* _Task item_: The output should contain the listing word for word and no pictures.

* _Data excerpt_:

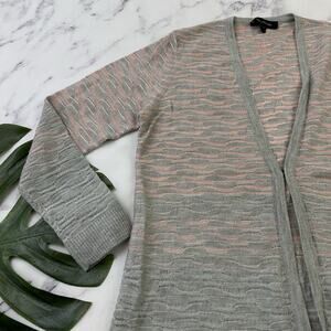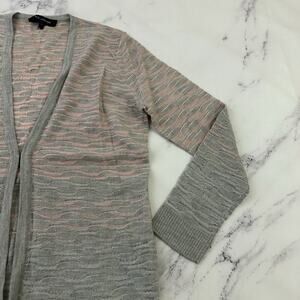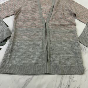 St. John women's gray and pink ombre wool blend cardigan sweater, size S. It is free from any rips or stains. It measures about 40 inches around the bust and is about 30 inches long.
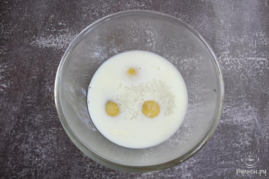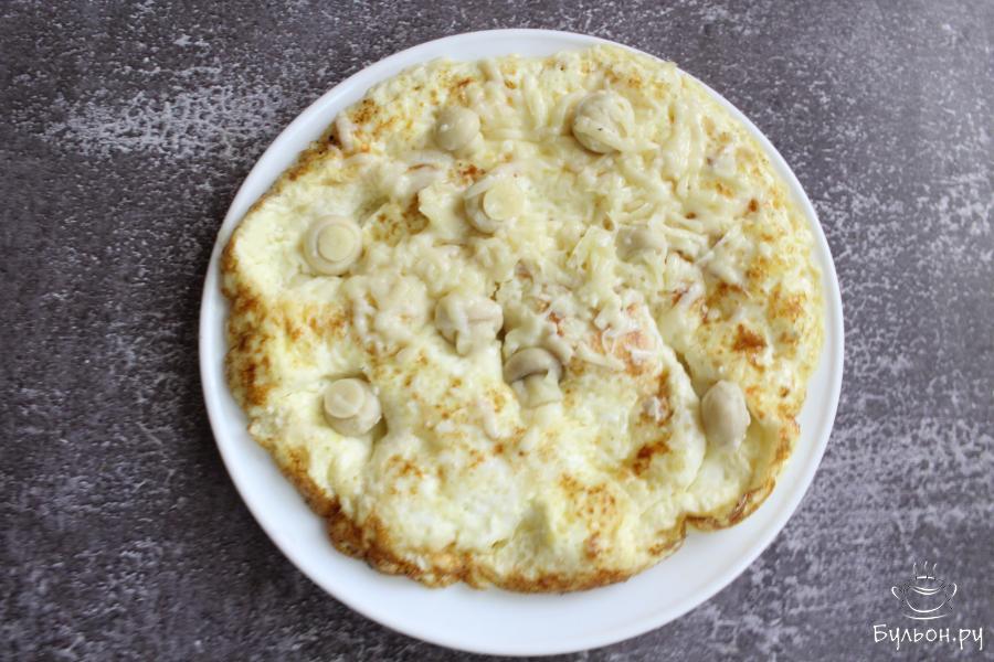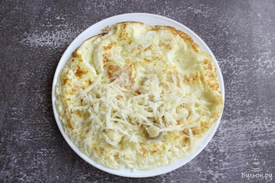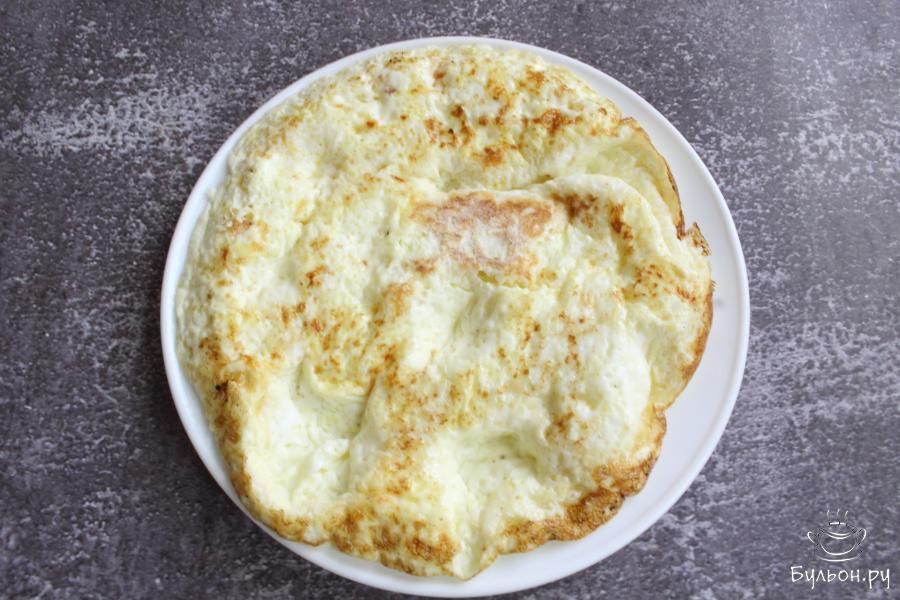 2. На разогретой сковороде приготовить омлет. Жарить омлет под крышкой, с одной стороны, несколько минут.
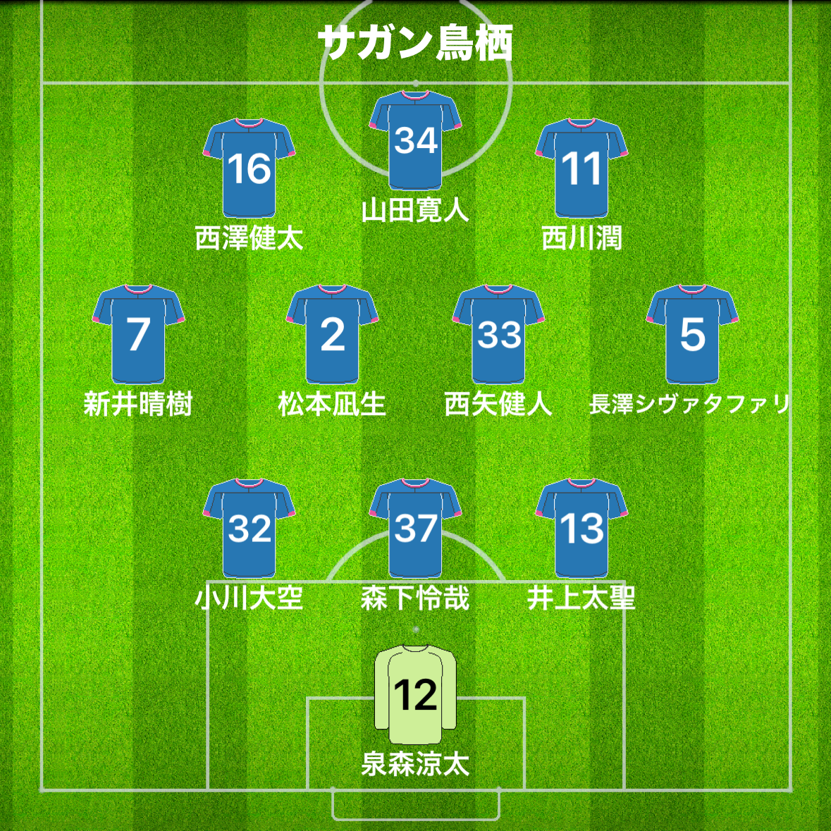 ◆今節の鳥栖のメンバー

* _Result of the exercise_:
 St. John women's gray and pink ombre wool blend cardigan sweater, size S. It is free from any rips or stains. It measures about 40 inches around the bust and is about 30 inches long.
 2. На разогретой сковороде приготовить омлет. Жарить омлет под крышкой, с одной стороны, несколько минут.
 ◆今節の鳥栖のメンバー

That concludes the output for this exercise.